From: Daniel Radetsky (daniel@radray.us)
Date: Wed Jan 26 2005 - 17:00:23 MST
People:
Thanks to everyone who responded. I appreciate it. Some comments on the
responses I recieved:
On Tue, 25 Jan 2005 23:31:17 -0800
Robin Lee Powell <rlpowell@digitalkingdom.org> wrote:
> > 1. In developing FAI, some form of Last Judge/AI Jail will be
> > used.
>
> Those are *utterly* different things. I disagree in both cases. A
> Jail is insanely stupid, and a Last Judge is a weapon of absolutely
> last resort.
My understanding, which seems to be supported by careful reading of the
responses of other members, is that the Last Judge is the best anyone can come
up with so far. It's better than "Let's just hope to God it's friendly," and,
though it is, as MRA points out, a kludge, it's the only kludge we have.
Therefore, it seems to me to be disingenuous to call your only weapon a weapon
of last resort. Correct me, though; I'm not very well read in these areas.
Another thing: maybe I have the wrong picture of the Last Judge scenario. As
far as I understood it, Last Judge necessitates an AI Jail of some type. That
is, the AI is operating under some type of restriction (e.g. within a single
mainframe, but also maybe some sort of software directive "You may not do X."
The specific type of restriction is unimportant to the argument), which the
Last Judge can remove.
Here's how I picture it: The AI is confined to a single large computer, which
runs a simulated world which the AI is to manage. The judge allows it to
self-improve and manage the world for a while, and then examines the world and
interviews the AI, and decides to let it out. Maybe I'm just not as smart as
the rest of you, but I don't see what the Last Judge *could do* besides being
a jailer. Eliezer writes:
> I think, though I am not sure, that the FAI theory will dictate what
> constitutes a necessary and sufficient verification process, including whether
> we need a Last Judge to peek at the extrapolated final outcome.

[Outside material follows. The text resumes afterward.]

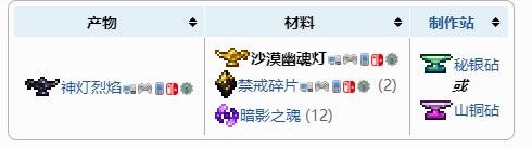 首頁 泰拉瑞亞 問答 泰拉瑞亞沙漠幽魂燈有什麼用? 2022-10-14 1.在遊戲泰拉瑞亞中,沙漠幽魂燈是用來合成神燈烈焰的材料;2.同時沙漠幽魂燈還是是一種裝飾傢具物品,儘管是一盞燈,但它放置後並不會產生光線,也不能用作房屋的光源。
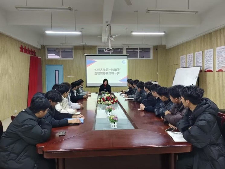 為深入學習貫徹關于加強新時代廉潔文化建設的重要精神,落實立德樹人根本任務,引導青年學生樹立正確的世界觀、人生觀、價值觀,筑牢拒腐防變的思想道德防線,學院學生黨支部2025年12月3日組織舉辦了一堂題為“扣好人生第一粒扣子,走穩青春廉潔每一步”的專題黨課。本次黨課由學生黨支部書記王培芹主講。

What else might be meant by "Extrapolated final outcome?" After all, if we
have a UFAI which is all set to start cupcaking us (Bostrom talks about the
paperclip problem, but I prefer the cupcake problem), we sure as hell don't
want the judge saying, "Hey, stop that!" We want it to never happen. Eliezer
admits a Last Judge scenario is "[N]ontrivial to set up safely." I don't see
what else he might be talking about. I've read the archives (albiet, not as
carefully as I might have), and all they seem to say on the subject is "AI
Boxing is very hard to do safely and maybe impossible." Please, enlighten me.
Also, regarding the objection
> > 2. If a last judge is used, the judge will have sole authority to
> > determine whether an AI is sufficiently friendly/correctly
> > programmed/whatever he's supposed to determine.
>
> No. The Last Judge accepts or refuses the *outcome* of CV, which is
> very different.
On Wed, 26 Jan 2005 08:06:40 -0800
"Michael Roy Ames" <michaelroyames@yahoo.com> wrote:
> Determining a 'degree' of friendliness will involve a
> complex technical procedure of comparison against ideal data & models -
> something that could only be done by a team of experts with a thorough
> understanding of the models.
I apologize. I was not using the technical terms properly. I meant evaluating
its actions, which I (incorrectly?) equated with evaluating its degree of
friendliness.
> The AI Jail concept will probably be used in the sense of "running on
> computers that are not connected to the network" but not in the sense of "we
> will see how it behaves before we let it out". The first sense is useful in
> that it provides a minimum level of protection against code 'escaping' or
> being stolen. The second sense is not useful because it suggests that AI
> evaluation by humans can be done the same way as human evaluation by humans,
> which is false for the type of AI we are attempting to build.
>
> AI evaluation will use many methods of observation, all of which boil down
> to observing actions.
This may again be another case of "I'm not smart enough to grasp the subtle
distinctions," but this sounds to me like "We *will* see how it behaves before
we let it out, we'll just be extra clever in how we evaluate its behavior."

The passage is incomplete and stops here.